> Work request
A verbatim copy is needed of the lines below from the one containing "This photograph feels" up to and including the one containing "The Gallery Lounge", excluding pictures.

> Exercise data
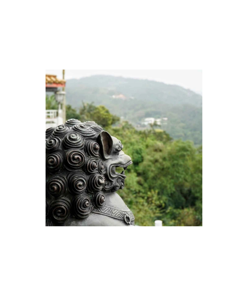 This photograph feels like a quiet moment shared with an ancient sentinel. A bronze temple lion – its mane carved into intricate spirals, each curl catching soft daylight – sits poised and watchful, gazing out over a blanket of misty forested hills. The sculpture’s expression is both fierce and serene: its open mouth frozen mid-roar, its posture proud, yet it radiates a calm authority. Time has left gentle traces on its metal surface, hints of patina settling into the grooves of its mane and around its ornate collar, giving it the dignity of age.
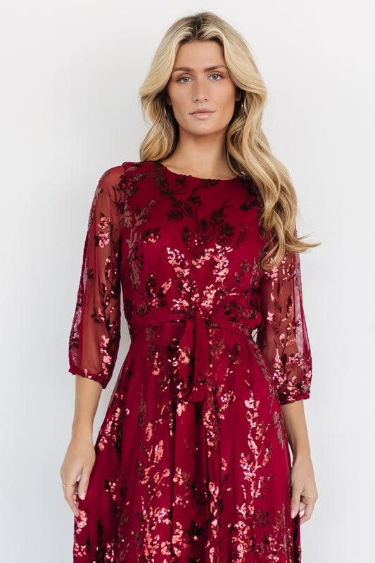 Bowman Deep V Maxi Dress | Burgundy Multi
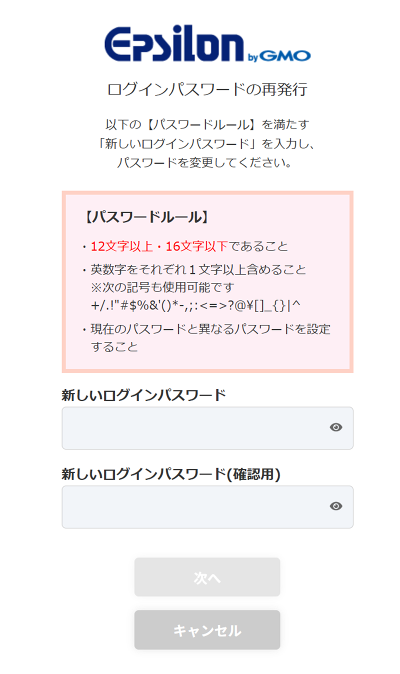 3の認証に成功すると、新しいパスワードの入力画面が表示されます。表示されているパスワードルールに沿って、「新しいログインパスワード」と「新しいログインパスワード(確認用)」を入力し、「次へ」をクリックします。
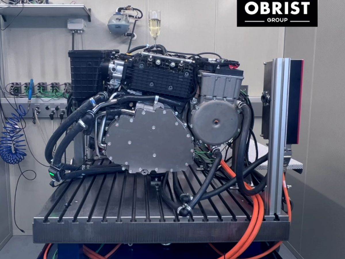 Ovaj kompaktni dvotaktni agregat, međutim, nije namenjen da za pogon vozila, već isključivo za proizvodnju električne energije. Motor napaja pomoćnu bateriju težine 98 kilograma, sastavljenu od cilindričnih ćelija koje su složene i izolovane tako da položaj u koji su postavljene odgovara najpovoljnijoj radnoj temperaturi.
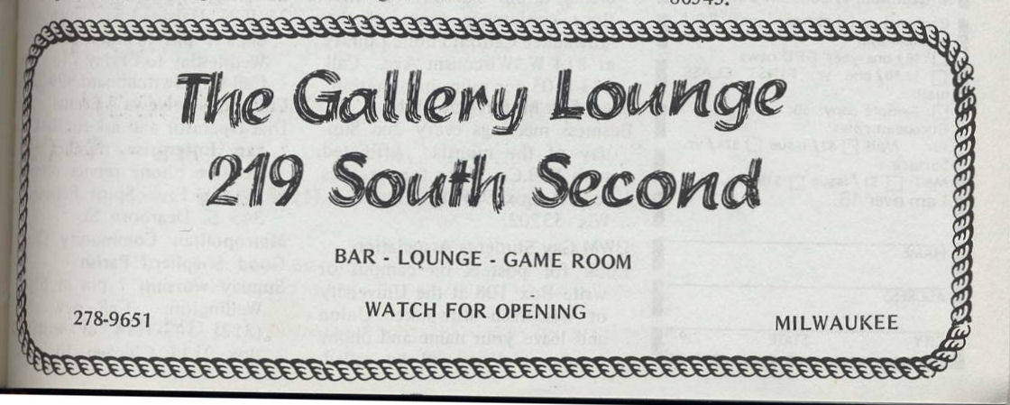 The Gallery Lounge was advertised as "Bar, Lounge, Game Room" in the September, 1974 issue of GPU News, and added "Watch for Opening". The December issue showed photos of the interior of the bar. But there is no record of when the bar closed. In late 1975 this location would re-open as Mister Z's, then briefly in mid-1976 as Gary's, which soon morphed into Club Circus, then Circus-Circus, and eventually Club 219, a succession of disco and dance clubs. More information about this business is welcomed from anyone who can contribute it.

==

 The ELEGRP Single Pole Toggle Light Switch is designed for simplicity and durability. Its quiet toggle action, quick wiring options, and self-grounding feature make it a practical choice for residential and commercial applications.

==

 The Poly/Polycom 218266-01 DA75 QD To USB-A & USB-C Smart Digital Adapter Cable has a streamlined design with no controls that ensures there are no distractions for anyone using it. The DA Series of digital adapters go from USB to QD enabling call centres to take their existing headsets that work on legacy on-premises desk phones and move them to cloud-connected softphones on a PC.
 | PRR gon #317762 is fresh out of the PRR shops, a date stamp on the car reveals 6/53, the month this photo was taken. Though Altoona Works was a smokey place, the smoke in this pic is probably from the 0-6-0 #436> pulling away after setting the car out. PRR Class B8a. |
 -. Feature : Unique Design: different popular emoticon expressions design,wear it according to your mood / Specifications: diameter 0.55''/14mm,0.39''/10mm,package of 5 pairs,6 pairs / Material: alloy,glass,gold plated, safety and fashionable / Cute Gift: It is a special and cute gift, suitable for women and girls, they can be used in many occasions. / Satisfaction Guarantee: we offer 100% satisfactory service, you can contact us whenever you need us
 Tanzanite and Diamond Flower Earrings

> Answer to the exercise
 This photograph feels like a quiet moment shared with an ancient sentinel. A bronze temple lion – its mane carved into intricate spirals, each curl catching soft daylight – sits poised and watchful, gazing out over a blanket of misty forested hills. The sculpture’s expression is both fierce and serene: its open mouth frozen mid-roar, its posture proud, yet it radiates a calm authority. Time has left gentle traces on its metal surface, hints of patina settling into the grooves of its mane and around its ornate collar, giving it the dignity of age.
 Bowman Deep V Maxi Dress | Burgundy Multi
 3の認証に成功すると、新しいパスワードの入力画面が表示されます。表示されているパスワードルールに沿って、「新しいログインパスワード」と「新しいログインパスワード(確認用)」を入力し、「次へ」をクリックします。
 Ovaj kompaktni dvotaktni agregat, međutim, nije namenjen da za pogon vozila, već isključivo za proizvodnju električne energije. Motor napaja pomoćnu bateriju težine 98 kilograma, sastavljenu od cilindričnih ćelija koje su složene i izolovane tako da položaj u koji su postavljene odgovara najpovoljnijoj radnoj temperaturi.
 The Gallery Lounge was advertised as "Bar, Lounge, Game Room" in the September, 1974 issue of GPU News, and added "Watch for Opening". The December issue showed photos of the interior of the bar. But there is no record of when the bar closed. In late 1975 this location would re-open as Mister Z's, then briefly in mid-1976 as Gary's, which soon morphed into Club Circus, then Circus-Circus, and eventually Club 219, a succession of disco and dance clubs. More information about this business is welcomed from anyone who can contribute it.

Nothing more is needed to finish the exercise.